A 13-run ablation study (same 117.8M MoE+MLA architecture, same ~491M tokens FineWeb-Edu, 4 rounds of experiments totaling ~$150 of H100 time — tracked in #28) found that disable_act is the only flag out of five tested that qualitatively changes the inference-time loop-scaling curve from the V-shaped / flat-plateau behaviour of the default architecture to a monotonically decreasing-and-saturating curve. Specifically, the combination disable_act=True + stochastic-depth training (sampling n_loops uniformly per step from e.g. {4,6,8,12,16}) produces:

n_loops:  1    2    4    6    8   12   16
PPL:    131   78   63   60   60   59   60    # disable_act + random-depth training
PPL:   1217  401   65   65   65   65   65    # default ACT + random-depth (current behaviour)
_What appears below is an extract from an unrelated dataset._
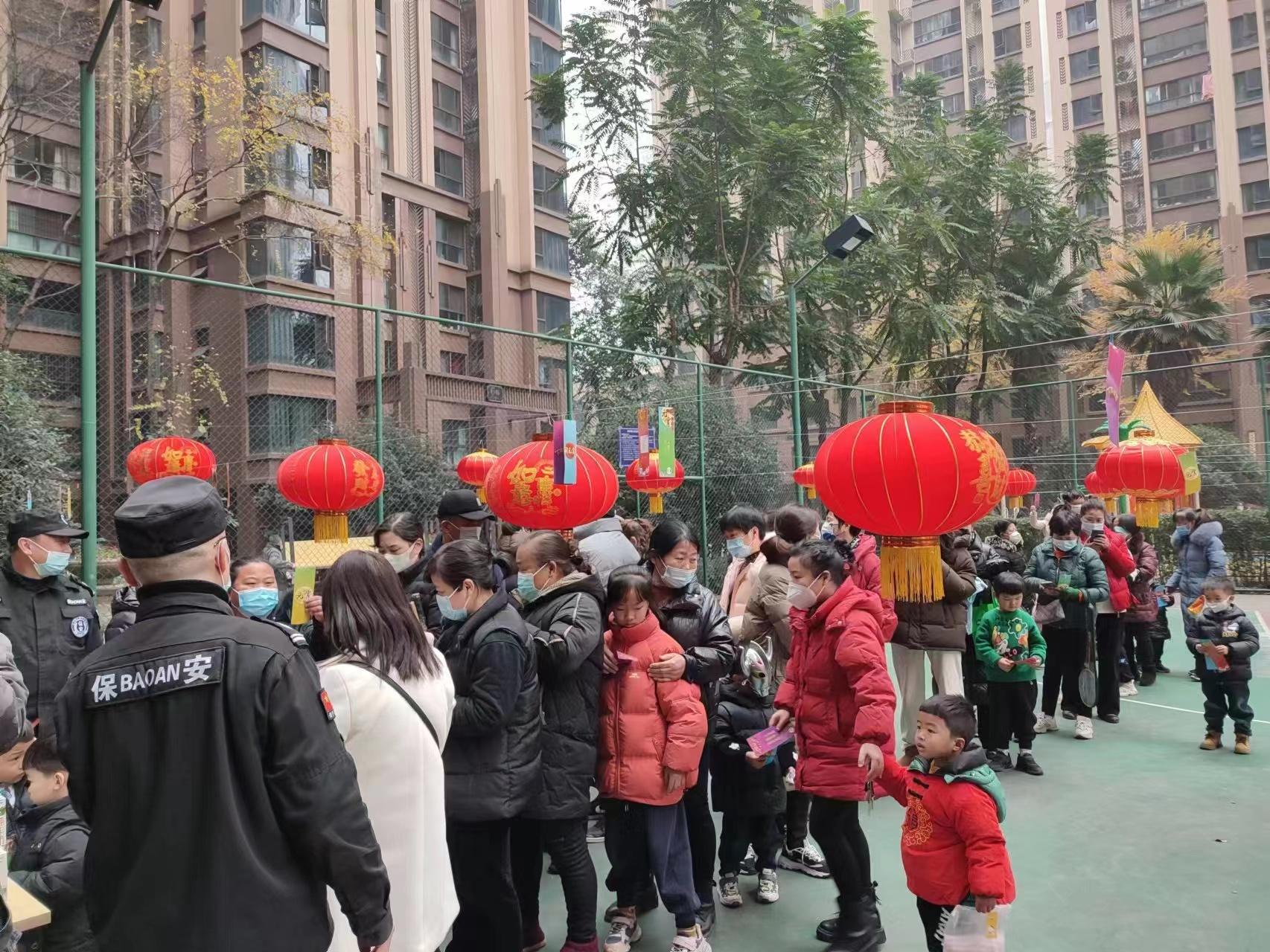 现场还举行了“猜灯谜”活动,谜语内容从脑筋急转弯到猜字谜、猜俗语、猜地名等,涉及知识面广、趣味性强。上至七八十岁的老人,下至四五岁的儿童都积极动脑筋猜灯谜,不时有人猜对谜底引起一片欢呼声,猜中灯谜的居民将灯谜取下,到兑奖处领取精美的奖品。 “欢乐又喜庆,不仅重温了中国传统文化,还收到了春联、福字,收获满满。”不少居民表示此次活动让大家切身感受传统习俗团圆热闹的氛围,同时增进了邻里间的感情。

— the only configuration in the 13-run matrix that matches the Saunshi et al. 2025 / Parcae depth-extrapolation shape the README argues for.

What this PR does / doesn't do

Does:

Adds the 5 flags to MythosConfig.
Gates loop_index_embedding(h, t, …), self.lora(trans_out, t), self.injection(h, e, trans_out), and the return h_out in RecurrentBlock.forward on the relevant flags.
Adds a short "Depth-extrapolation recipe" section to README.md documenting the empirical finding and the specific recipe.

Doesn't:

Change any default semantics. With all flags at their defaults the forward pass is byte-identical to current main.
Touch the training script — stochastic-depth sampling is a training-recipe concern and is implemented upstream of the model (just vary the n_loops argument to model(...) per step). See Add experiments/ suite for inference-time loop scaling validation #27 for a reference experiments/train.py that does this with --loop_sample_mode random_set --loop_choices.
Implement freeze_moe_router in a way that changes the model; the flag is a config-level signal that training code can read to call model.recurrent.block.ffn.router.weight.requires_grad_(False) after construction. This keeps the model code pure.

Test plan

python -c "from open_mythos import OpenMythos; from open_mythos.variants import mythos_1b; m = OpenMythos(mythos_1b())" — no regressions at default flags.
All 4 non-default combinations (anonymous, disable_act, break_recurrence, freeze_lti via external requires_grad_(False)) forward and backward end-to-end in bf16 on H100 in the 13-run study in Empirical test of the depth-extrapolation claim: U-shape with fixed-loop training, flat plateau with random-loop training #28.
disable_act=True + stochastic-depth training produces the monotonic loop-scaling curve reported in Empirical test of the depth-extrapolation claim: U-shape with fixed-loop training, flat plateau with random-loop training #28.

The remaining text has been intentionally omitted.